**Exercise inputs:**
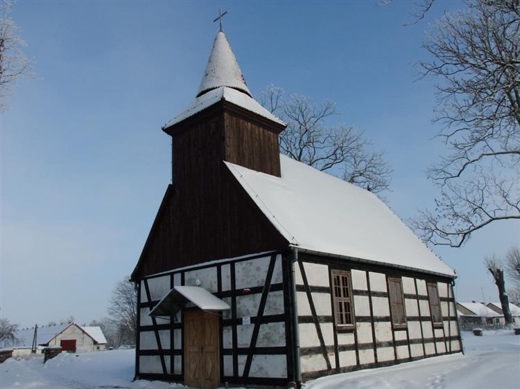 Kościół pw. MB Ostrobramskiej, dawniej ewangelicki obecnie rzymskokatolicki, został wzniesiony w XVIII w. Jest to świątynia o konstrukcji szachulcowej, salowa, bez widocznego prezbiterium, z drewnianą wieżą zwieńczoną dachem w kształcie piramidy. W latach 70. ubiegłego wieku kościół przeszedł gruntowny remont.
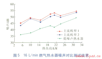 由圖5可知,當熱負荷在24kW以下時,l6L/min的低噪聲熱水器的噪聲比主流機型低10dB以上;最大熱負荷時,低4dB以上。
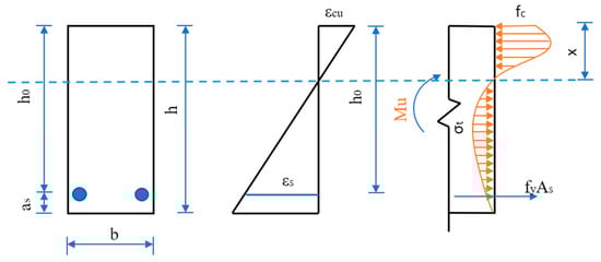The ultimate flexural bearing capacity of concrete beams reinforced with steel fibers depends to a large extent on their mode of destruction. ACI 544.4R-88 [37] provides a calculation method regarding the flexural bearing capacity of reinforced beams based on the mode of destruction of concrete beams reinforced with steel fibers. For beams with crushed concrete damage, the nominal flexural bearing capacity can be calculated by the following equation:
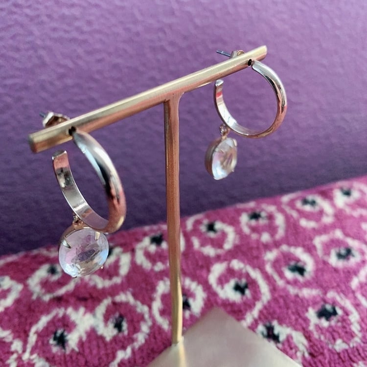 チェコスロバキアの1970年のヴィンテージガラス使用したハンドメイドよるピアスです。クリアークリスタルオーバルは、清楚で上品、存在感があります。ヴィンテージならではの古きよきデザインやストーリーを感じていただけたら幸いです。
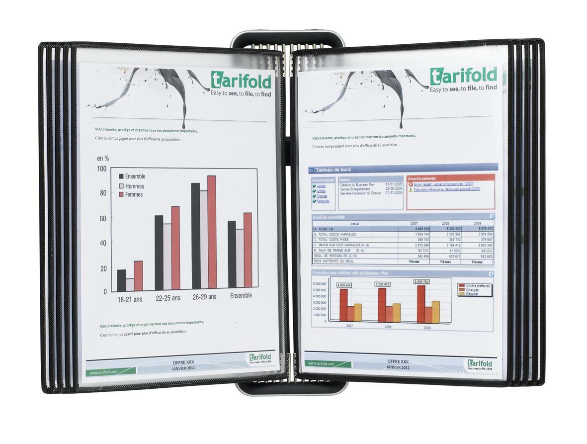 PREZENTAČNÍ NÁSTĚNNÝ DRŽÁK TARIFOLD VEO, s 10 kapsami, černý
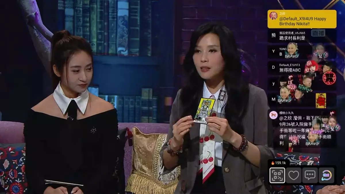 由梁思浩、黃紫恩(Jojo)及黃耀英(Darren)主持,TVB Plus(82台)靈異直播一小時節目《直播靈接觸》昨晚(9月16日)請來嘉賓塔羅師羅泳嫻(裸泳),解開解開塔羅牌之謎。

**What to produce:**
Only the pictures in the listing above get left out; print everything else exactly.

**Exercise output:**
 Kościół pw. MB Ostrobramskiej, dawniej ewangelicki obecnie rzymskokatolicki, został wzniesiony w XVIII w. Jest to świątynia o konstrukcji szachulcowej, salowa, bez widocznego prezbiterium, z drewnianą wieżą zwieńczoną dachem w kształcie piramidy. W latach 70. ubiegłego wieku kościół przeszedł gruntowny remont.
 由圖5可知,當熱負荷在24kW以下時,l6L/min的低噪聲熱水器的噪聲比主流機型低10dB以上;最大熱負荷時,低4dB以上。
The ultimate flexural bearing capacity of concrete beams reinforced with steel fibers depends to a large extent on their mode of destruction. ACI 544.4R-88 [37] provides a calculation method regarding the flexural bearing capacity of reinforced beams based on the mode of destruction of concrete beams reinforced with steel fibers. For beams with crushed concrete damage, the nominal flexural bearing capacity can be calculated by the following equation:
 チェコスロバキアの1970年のヴィンテージガラス使用したハンドメイドよるピアスです。クリアークリスタルオーバルは、清楚で上品、存在感があります。ヴィンテージならではの古きよきデザインやストーリーを感じていただけたら幸いです。
 PREZENTAČNÍ NÁSTĚNNÝ DRŽÁK TARIFOLD VEO, s 10 kapsami, černý
 由梁思浩、黃紫恩(Jojo)及黃耀英(Darren)主持,TVB Plus(82台)靈異直播一小時節目《直播靈接觸》昨晚(9月16日)請來嘉賓塔羅師羅泳嫻(裸泳),解開解開塔羅牌之謎。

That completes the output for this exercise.